In 2010 another Banksy rat was destroyed in Hosier Lane, local street artists reproduced it and added other work commenting on it. (See my blog post: Street Art Notes July)  Do all of these tributes to Banksy really contribute anything to Melbourne’s street art? Even though the tributes to Banksy by Phoenix, Sunfigo and Bados are all quality and nuanced works of art but repeating the legend of Banksy is not the subject of significant art. Apart from serving as a reminder of the hypocrisy of Melbourne City Council towards street art – and politicians eat hypocrisy for breakfast. There is an element of the cultural cringe in both the council and Melbourne street artist’s continual celebration of a visiting British artist.

Rather than dwelling on the past maybe these artists should think about the future of street art in Melbourne. Street art is ephemeral and has little room for history – maybe it’s time to forget about Banksy.


Strange Streets Indeed

Guerrilla gardening, urban interventions, performance graffiti: many of these wild and freaky ideas that are only now being realized on the street have been around since the Yippies and Mail Art in the 1960s, probably even earlier. Maybe these ideas have been floating around in an idealistic haze of the adolescent Dadaists a hundred years ago. And finally the praxis is possible for these strange utopic ideas; they are practical. These ideas never really worked before because of the limits of communications; underground magazines were underground. Only Fluxus had the celebrity names and the cheap communications, courtesy of the US military mail; until the internet came along, again, courtesy of the US military. Not to get all internet utopian about it but the impact can’t be ignored, see my post about “Street Art and the Internet”.

Nick Iltons "Suggestion Box" 2010 with peace sign

And if it didn’t start in the 1960s it happened soon after. Liz Christ and the Green Guerrilla group in NYC started guerrilla gardening and “seed bombing” in 1973. This was just a year after the first graffiti exhibition in NYC by the United Graffiti Artist group. (Maybe street art should be called “guerrilla decorating”.) The Wikipedia entry on “urban interventions” cites The Diggers theatre of San Francisco and the Dutch Provo movement as precursors. The Digger’s Free Store on Page Street, San Francisco, had a sidewall covered in frames called “Free Frame of Reference” The Dutch Provo movement were notorious for their happenings and white propaganda.
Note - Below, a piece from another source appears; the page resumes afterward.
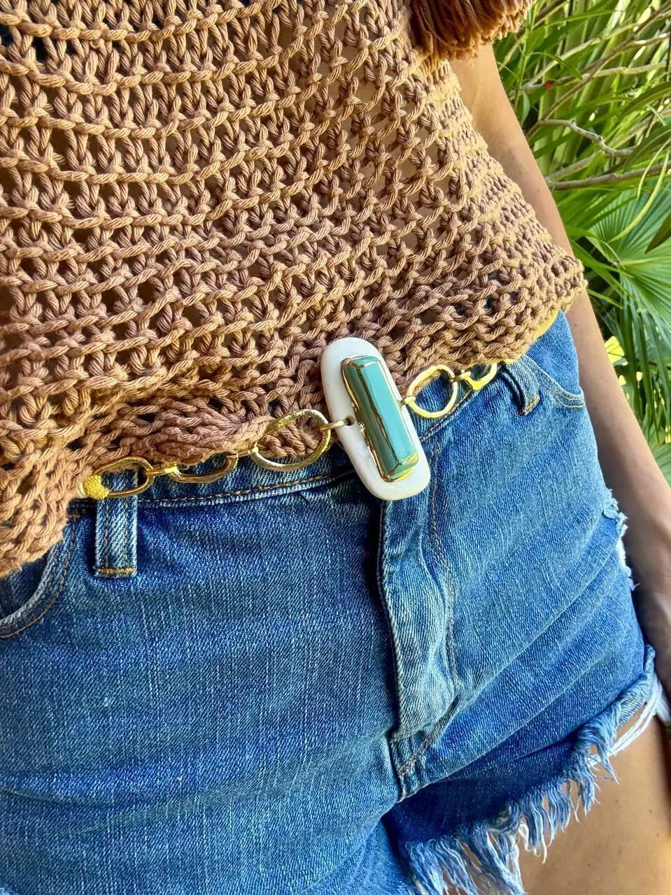 Collar de tela con eslabones y dije central de cerámica.

Amongst the many stranger street art activities currently in Melbourne there is Bados Earthling who calls his work “performance graffiti”. His character, a man from the future allows him to comment with confusion about the kind of activities that humans are currently engaged in. As Bados explains: “I’m like a child seeing something for the first time, with a million questions.” (See Invurt’s inteview with Bados.) Bados Earthling’s speech balloon blackboard creates a visual communication that the audience can participate and interact with.
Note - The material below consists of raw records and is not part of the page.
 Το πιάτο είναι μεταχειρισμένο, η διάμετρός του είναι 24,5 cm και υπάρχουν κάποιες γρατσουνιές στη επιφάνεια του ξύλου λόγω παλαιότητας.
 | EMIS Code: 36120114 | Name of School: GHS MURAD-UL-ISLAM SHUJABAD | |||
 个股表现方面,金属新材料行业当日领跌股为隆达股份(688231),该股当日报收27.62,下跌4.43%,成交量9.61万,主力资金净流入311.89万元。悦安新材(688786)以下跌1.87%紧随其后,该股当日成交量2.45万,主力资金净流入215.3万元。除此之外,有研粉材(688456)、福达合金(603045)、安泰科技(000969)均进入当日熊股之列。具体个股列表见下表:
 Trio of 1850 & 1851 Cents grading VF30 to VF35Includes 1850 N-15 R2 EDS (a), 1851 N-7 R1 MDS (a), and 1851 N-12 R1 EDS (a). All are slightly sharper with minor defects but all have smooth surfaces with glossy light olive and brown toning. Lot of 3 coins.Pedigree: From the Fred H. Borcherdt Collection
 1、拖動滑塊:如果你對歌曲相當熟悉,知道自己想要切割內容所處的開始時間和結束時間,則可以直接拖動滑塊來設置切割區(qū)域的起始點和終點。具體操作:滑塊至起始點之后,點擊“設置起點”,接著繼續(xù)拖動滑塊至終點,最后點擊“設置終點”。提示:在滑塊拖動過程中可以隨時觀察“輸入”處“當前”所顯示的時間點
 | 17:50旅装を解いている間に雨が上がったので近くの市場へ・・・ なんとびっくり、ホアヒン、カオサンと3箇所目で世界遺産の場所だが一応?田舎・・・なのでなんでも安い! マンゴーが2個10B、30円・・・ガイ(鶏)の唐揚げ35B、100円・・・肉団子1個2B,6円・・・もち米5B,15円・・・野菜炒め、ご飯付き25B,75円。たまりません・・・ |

Bados Earthling @ BSG Sweet Streets 2010

There are lots of these ideas floating around the collective consciousness like the spores of mushrooms just waiting for exactly the right conditions to germinate and fruit. “The question of ancestry in culture is spurious. Every new manifestation in culture rewrites the past, changes old maudits into new heroes…” Greil Marcus wrote in Lipstick Traces (p.21) and like Marcus I’m looking at the traces, the tiny amount that remains indicating the former presence of a thing. This is just an outline. It is an attempt to find or hunt down something.

And there are still stranger ideas that I have yet to trace amongst the drivel that various people from the 60s wrote (re-reading parts of Richard Neville’s Playpower has not been enlightening). What traces can we find in the past that explains present street art? And what new and strange will we next see on the street?